The small sample of WROs we interviewed already suggests that WROs’ experiences of COVID-19 differ widely — both within and across countries. As the pandemic persists, it is crucial that donors actively engage with them, learn from them, and most importantly, support them in their work and sharing the lessons they learn.
First, as detailed in the recent gender financing report by Publish What You Fund, donors should remove cumbersome institutional and funding barriers by providing long-term, flexible, and core support directly to women’s rights, gender justice, and feminist organizations. There are now proven examples and case studies on how to directly fund feminist groups and movements, especially in the global south. These types of trust-based funding practices will not only support their important work, but also their ability to collect, publish, analyze, and share information when relevant — allowing all stakeholders to learn and exchange on equal terms.

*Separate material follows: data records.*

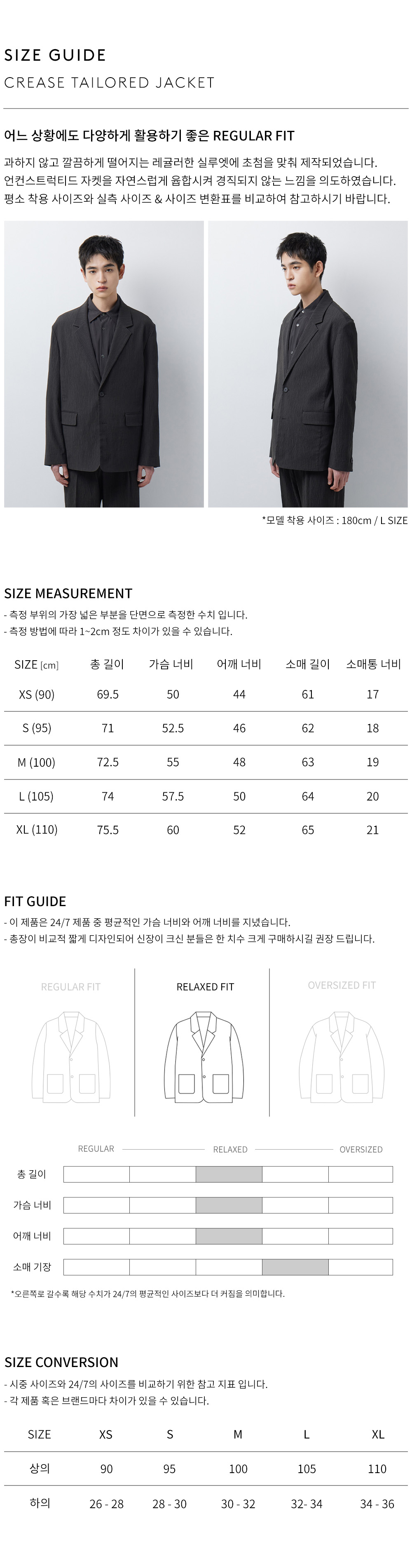 모델 착용 사이즈 : 180cm / L size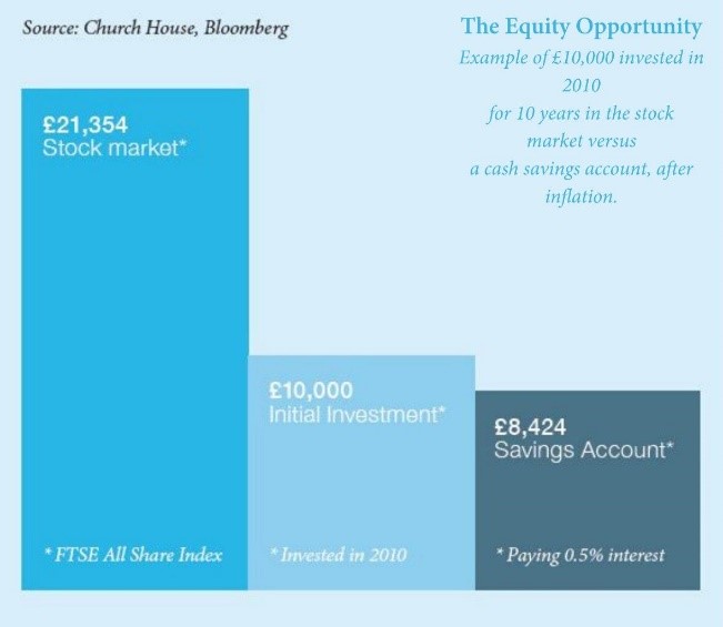 The graph, see right, shows historic returns of cash versus the stock market over the last 10 years. As an example, if you had invested £10,000 in the stock market in January 2010, it would have been worth £21,354 after 10 years. This assumes the re-investment of any dividend income and an adjustment for inflation. In a cash savings account paying an average of 0.5% interest over the same period, and again adjusted for inflation, the same investment would have been worth £8,424 after 10 years. And you thought cash was risk free!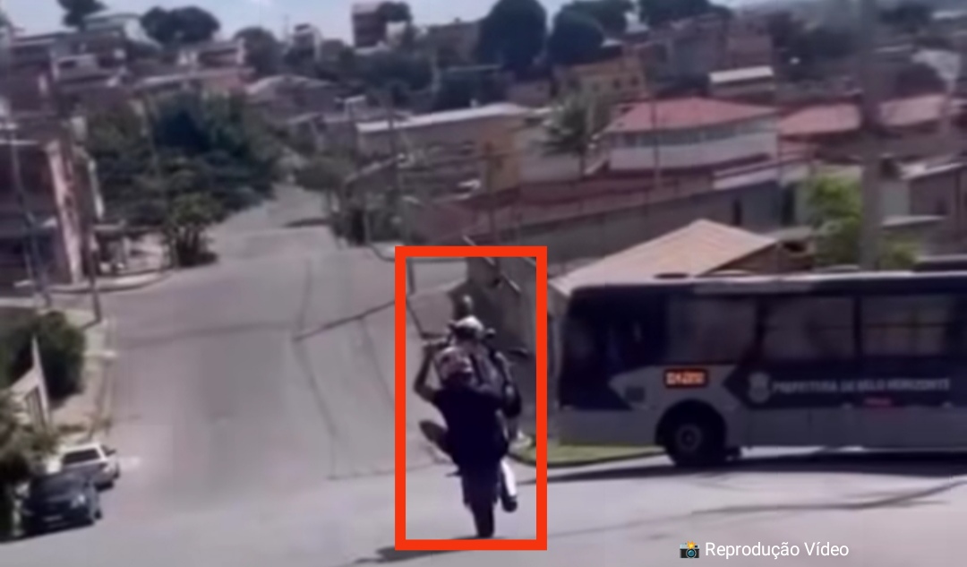 No vídeo, o motociclista aparece executando a manobra quando um ônibus de transporte coletivo surge à frente, realizando uma conversão. Sem conseguir frear a tempo, o influenciador perde o controle da motocicleta, cai na pista e acaba colidindo com o veículo, em uma cena que impressiona pela violência do impacto.

Second, donors must commit to engaging with WROs and feminist movements around their projects and sharing decision-making power. By increasing donors’ understanding of WROs’ needs and experiences, and by providing meaningful opportunities for feedback and collaboration, donors can learn how they can best support feminist, transformative change towards gender equality.
Finally, donors can mark their funding against relevant gender markers, such as the OECD’s gender equality policy marker. Such sector-wide transparency practices can help bring data to strengthen accountability frameworks to advance gender equality.
Women’s rights, gender justice, feminist movements and their allies have long advocated for these types of trust-based grant-making practices that are flexible, large, and unrestricted to fund transformative feminist social change. It has never been more urgent and necessary that donors normalize and actualize these demands for an ecosystem of meaningful feminist funding that truly meets the needs of those on the frontlines of change.